■ What needs to be done
From the line containing "公司于2014年12月03日" through the last line of the entries below, print each line exactly. Pictures stay out.

Dataset records:
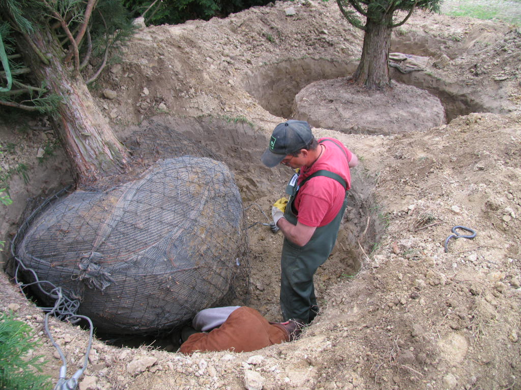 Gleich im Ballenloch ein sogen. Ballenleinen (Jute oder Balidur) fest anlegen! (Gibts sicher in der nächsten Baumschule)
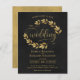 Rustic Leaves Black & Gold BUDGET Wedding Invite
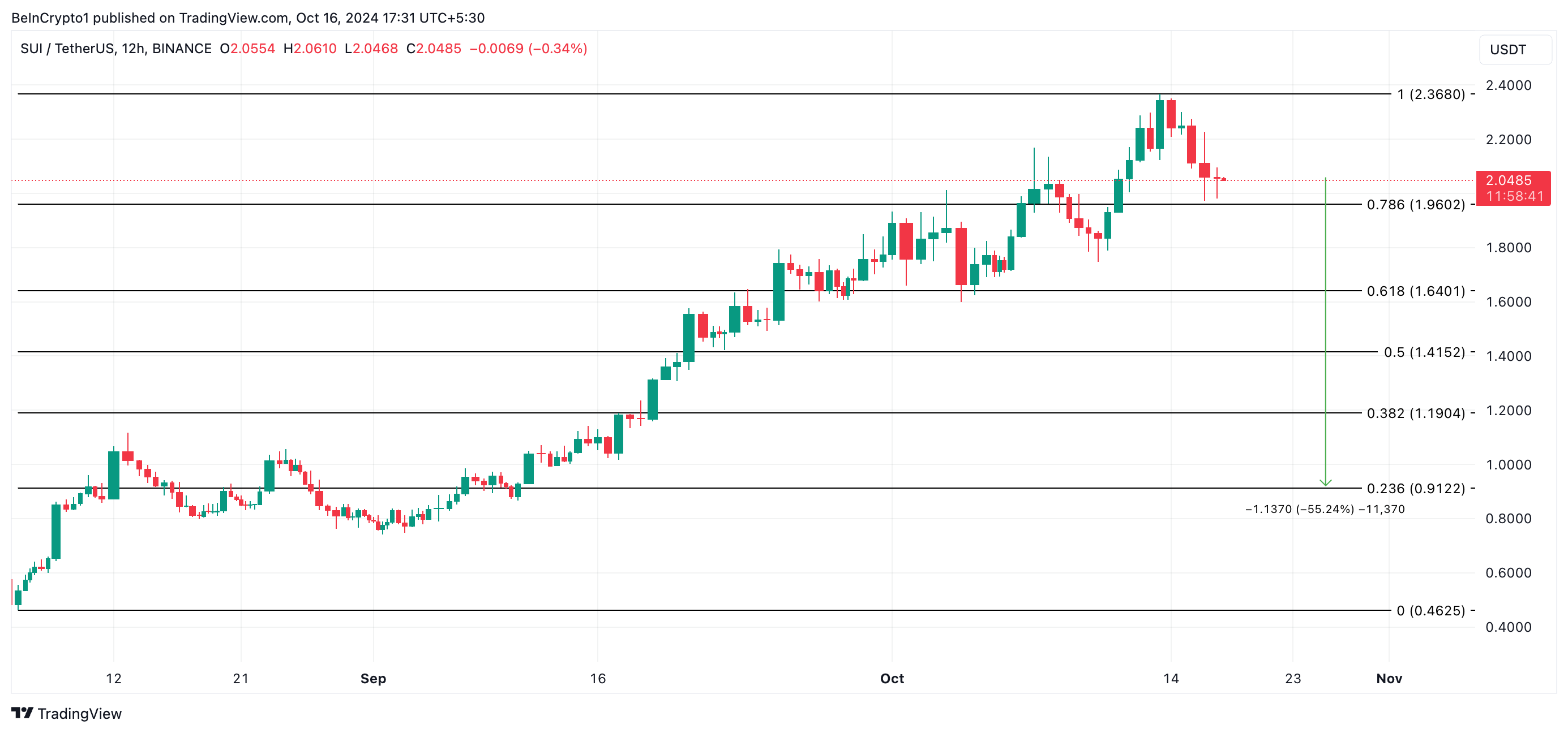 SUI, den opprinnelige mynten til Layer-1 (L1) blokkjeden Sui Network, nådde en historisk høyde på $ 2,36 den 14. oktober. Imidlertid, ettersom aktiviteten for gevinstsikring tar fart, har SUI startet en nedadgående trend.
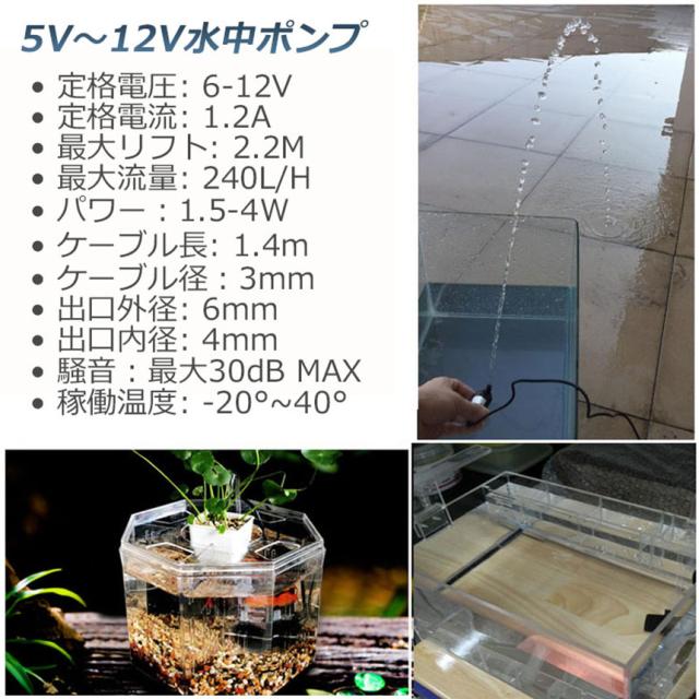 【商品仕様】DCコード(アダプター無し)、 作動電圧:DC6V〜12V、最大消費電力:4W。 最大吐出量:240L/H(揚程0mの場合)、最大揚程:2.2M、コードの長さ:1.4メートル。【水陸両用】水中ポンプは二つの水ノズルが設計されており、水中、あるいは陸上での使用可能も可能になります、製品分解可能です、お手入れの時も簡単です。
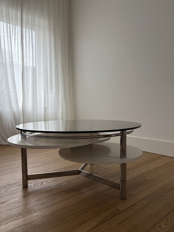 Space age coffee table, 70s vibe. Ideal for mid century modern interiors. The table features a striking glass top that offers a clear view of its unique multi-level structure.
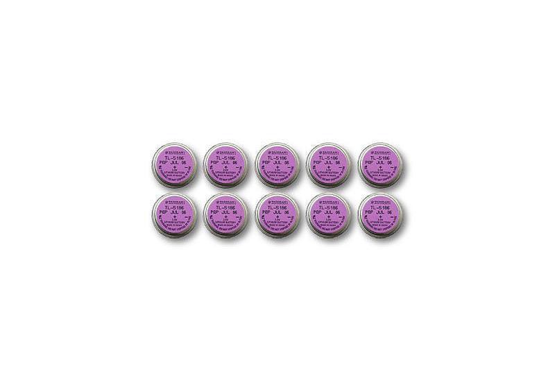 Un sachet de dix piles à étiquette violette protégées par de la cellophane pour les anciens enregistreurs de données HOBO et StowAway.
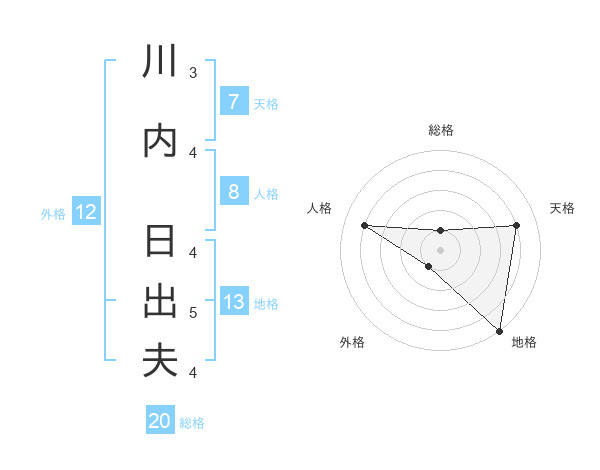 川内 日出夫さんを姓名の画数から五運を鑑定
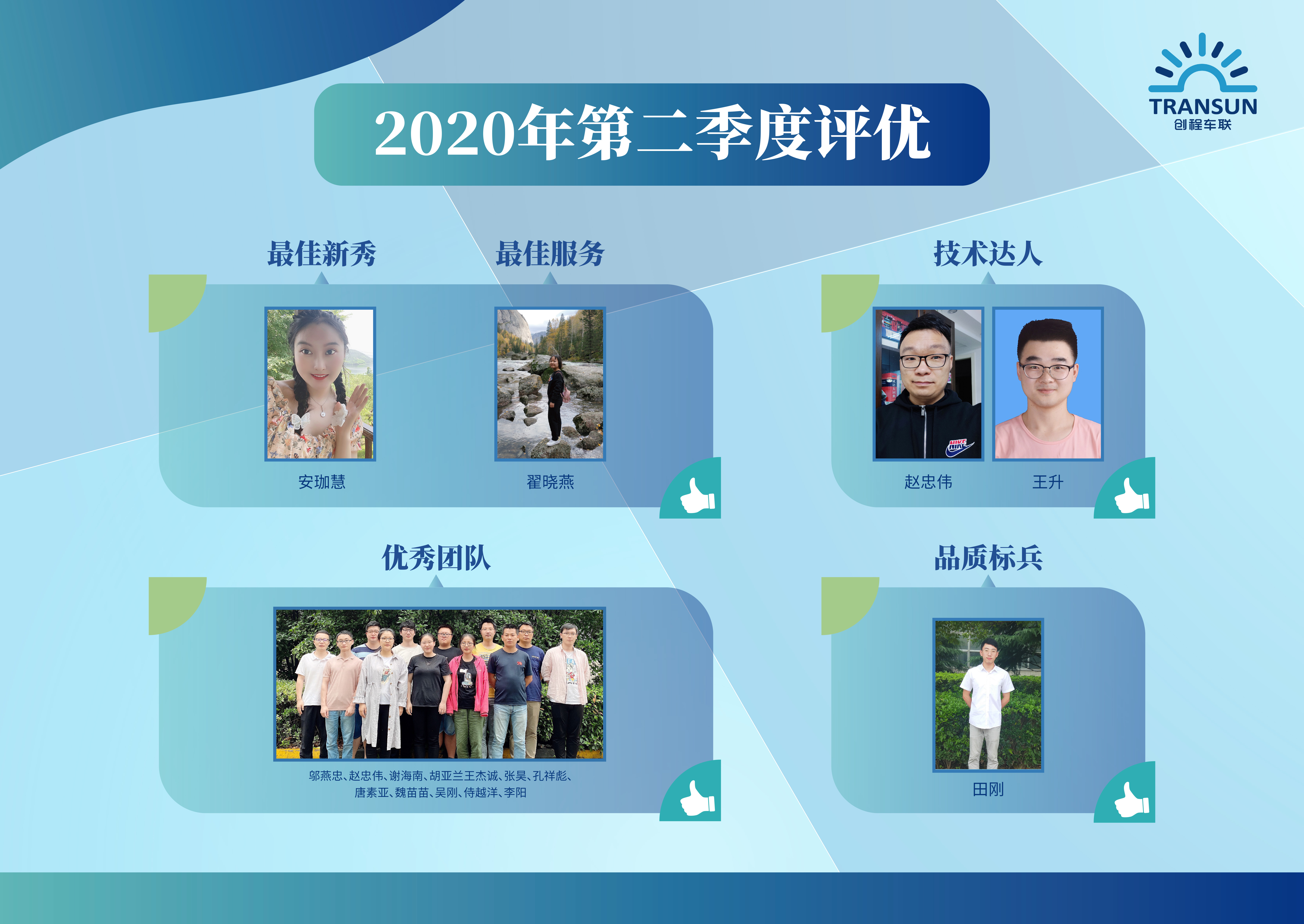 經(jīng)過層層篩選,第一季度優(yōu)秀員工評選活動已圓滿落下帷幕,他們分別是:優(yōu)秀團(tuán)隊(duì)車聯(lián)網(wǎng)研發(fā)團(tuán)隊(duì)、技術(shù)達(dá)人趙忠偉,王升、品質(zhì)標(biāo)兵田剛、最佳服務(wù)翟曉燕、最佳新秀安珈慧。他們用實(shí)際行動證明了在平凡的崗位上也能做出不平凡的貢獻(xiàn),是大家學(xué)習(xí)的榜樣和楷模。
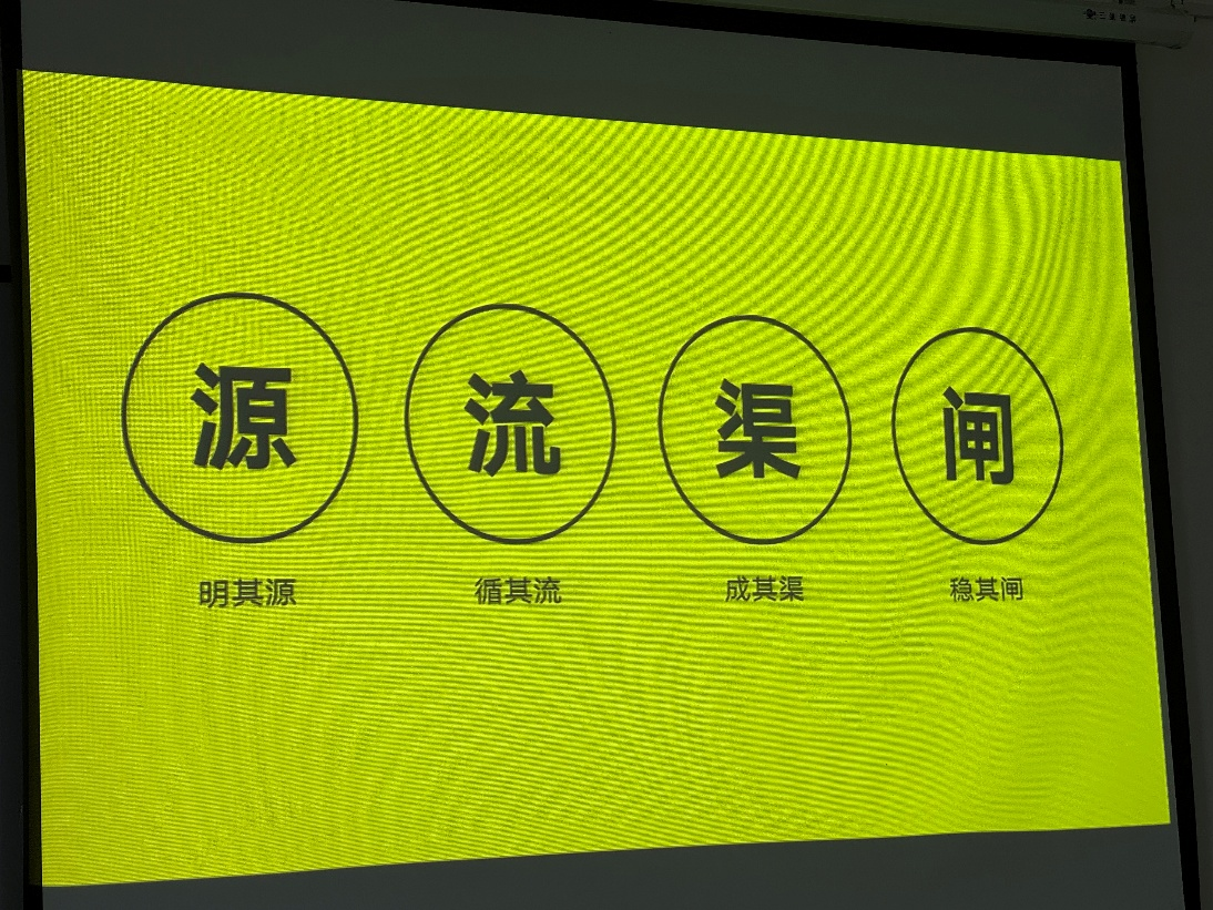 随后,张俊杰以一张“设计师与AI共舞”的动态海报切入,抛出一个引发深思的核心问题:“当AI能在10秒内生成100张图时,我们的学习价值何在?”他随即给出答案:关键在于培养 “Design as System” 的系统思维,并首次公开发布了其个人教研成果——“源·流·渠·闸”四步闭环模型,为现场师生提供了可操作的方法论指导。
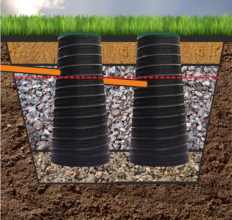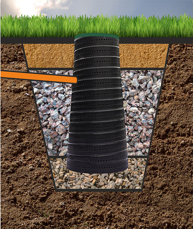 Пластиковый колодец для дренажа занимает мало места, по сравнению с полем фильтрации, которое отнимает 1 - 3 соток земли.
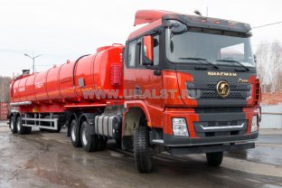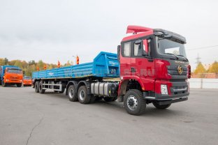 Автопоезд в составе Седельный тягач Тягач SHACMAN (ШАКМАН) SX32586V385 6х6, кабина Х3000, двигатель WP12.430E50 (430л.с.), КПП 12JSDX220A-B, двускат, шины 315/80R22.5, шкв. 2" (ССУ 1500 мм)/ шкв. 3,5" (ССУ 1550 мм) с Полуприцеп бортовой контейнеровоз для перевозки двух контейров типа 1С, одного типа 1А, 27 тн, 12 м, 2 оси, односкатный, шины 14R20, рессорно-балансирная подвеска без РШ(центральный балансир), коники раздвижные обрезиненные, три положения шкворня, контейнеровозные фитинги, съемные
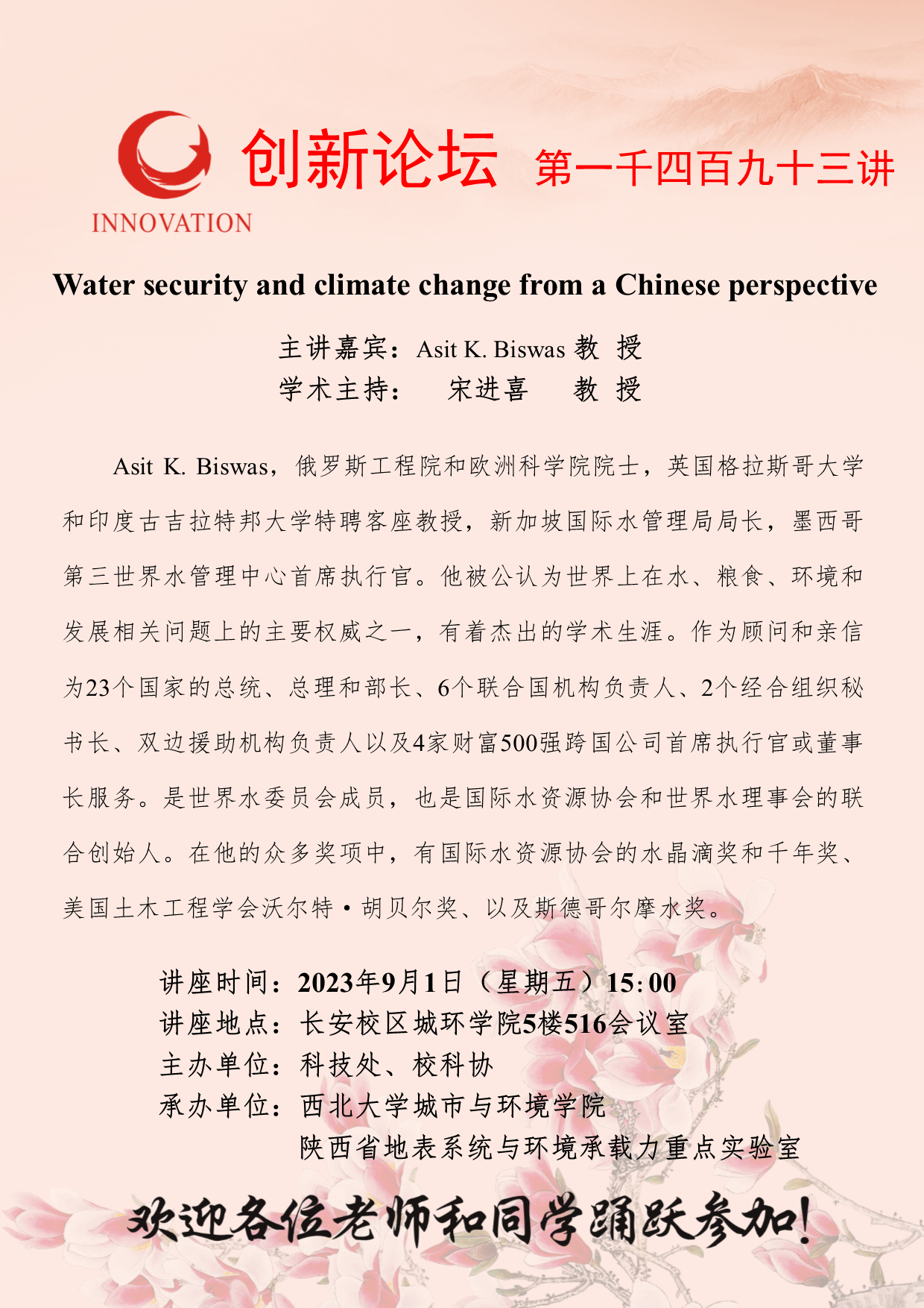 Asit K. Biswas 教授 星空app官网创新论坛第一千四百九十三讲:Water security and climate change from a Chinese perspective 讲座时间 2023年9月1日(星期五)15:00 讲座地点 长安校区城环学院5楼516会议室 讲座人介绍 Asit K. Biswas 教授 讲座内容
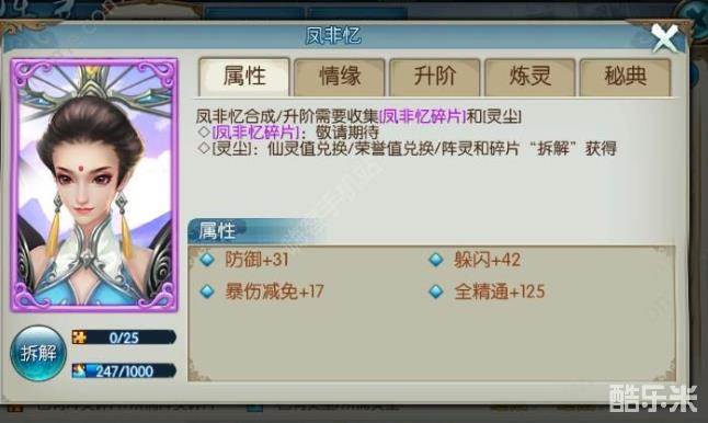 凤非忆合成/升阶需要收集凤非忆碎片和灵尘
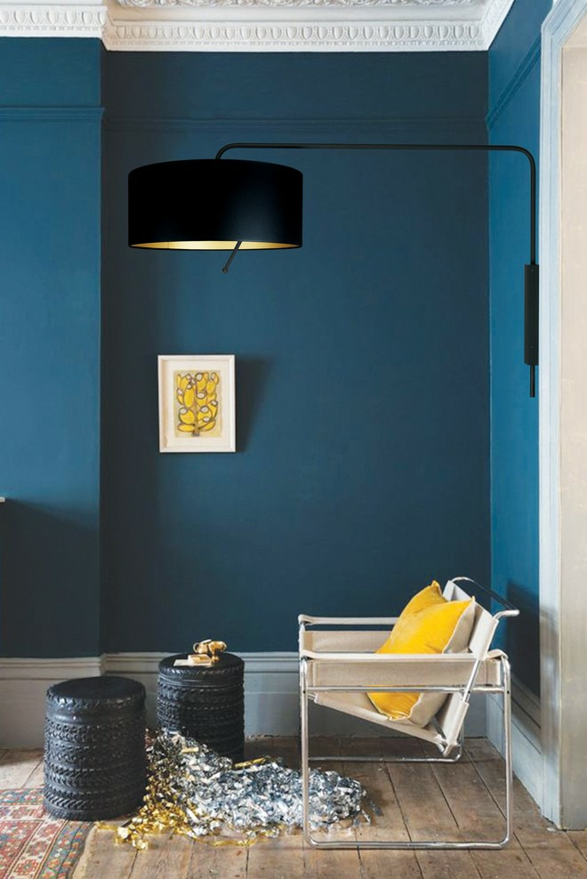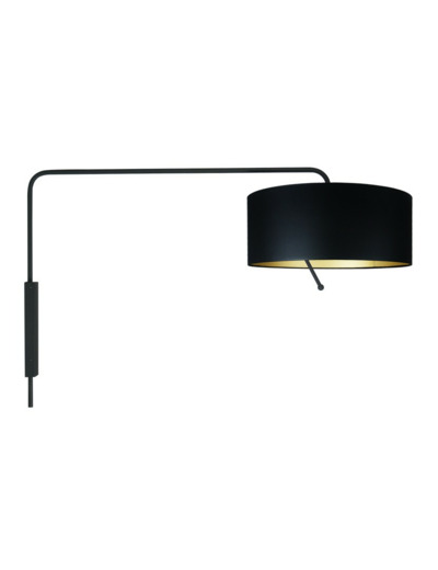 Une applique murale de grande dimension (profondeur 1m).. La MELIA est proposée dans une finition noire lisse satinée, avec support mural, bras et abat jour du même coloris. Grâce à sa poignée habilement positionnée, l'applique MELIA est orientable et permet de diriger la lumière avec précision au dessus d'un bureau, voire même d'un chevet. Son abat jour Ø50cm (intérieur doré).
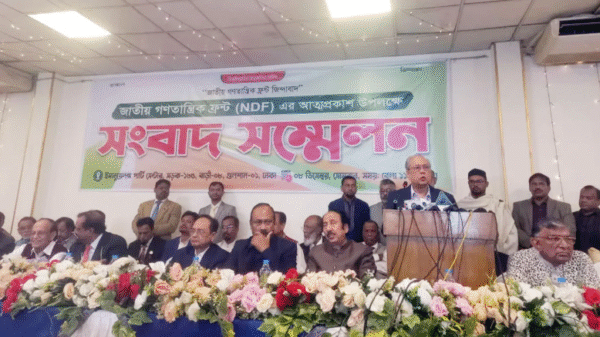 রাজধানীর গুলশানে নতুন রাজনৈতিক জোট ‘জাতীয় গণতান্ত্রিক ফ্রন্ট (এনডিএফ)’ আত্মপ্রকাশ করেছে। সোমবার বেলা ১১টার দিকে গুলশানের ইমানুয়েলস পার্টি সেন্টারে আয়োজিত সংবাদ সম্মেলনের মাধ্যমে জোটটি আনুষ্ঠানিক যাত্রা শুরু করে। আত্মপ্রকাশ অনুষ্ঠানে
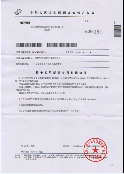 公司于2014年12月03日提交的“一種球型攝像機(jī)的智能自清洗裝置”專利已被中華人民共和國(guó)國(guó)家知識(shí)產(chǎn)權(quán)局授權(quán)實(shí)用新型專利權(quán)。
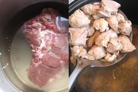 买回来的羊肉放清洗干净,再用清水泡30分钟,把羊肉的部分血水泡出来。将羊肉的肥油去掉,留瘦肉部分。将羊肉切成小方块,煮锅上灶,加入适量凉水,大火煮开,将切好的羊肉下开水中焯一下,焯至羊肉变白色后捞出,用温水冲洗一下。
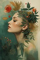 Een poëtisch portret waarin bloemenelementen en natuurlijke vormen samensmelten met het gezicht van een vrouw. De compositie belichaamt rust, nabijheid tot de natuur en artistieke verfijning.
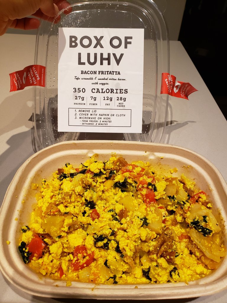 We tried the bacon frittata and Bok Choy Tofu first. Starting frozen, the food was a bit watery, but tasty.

■ Expected answer
 公司于2014年12月03日提交的“一種球型攝像機(jī)的智能自清洗裝置”專利已被中華人民共和國(guó)國(guó)家知識(shí)產(chǎn)權(quán)局授權(quán)實(shí)用新型專利權(quán)。
 买回来的羊肉放清洗干净,再用清水泡30分钟,把羊肉的部分血水泡出来。将羊肉的肥油去掉,留瘦肉部分。将羊肉切成小方块,煮锅上灶,加入适量凉水,大火煮开,将切好的羊肉下开水中焯一下,焯至羊肉变白色后捞出,用温水冲洗一下。
 Een poëtisch portret waarin bloemenelementen en natuurlijke vormen samensmelten met het gezicht van een vrouw. De compositie belichaamt rust, nabijheid tot de natuur en artistieke verfijning.
 We tried the bacon frittata and Bok Choy Tofu first. Starting frozen, the food was a bit watery, but tasty.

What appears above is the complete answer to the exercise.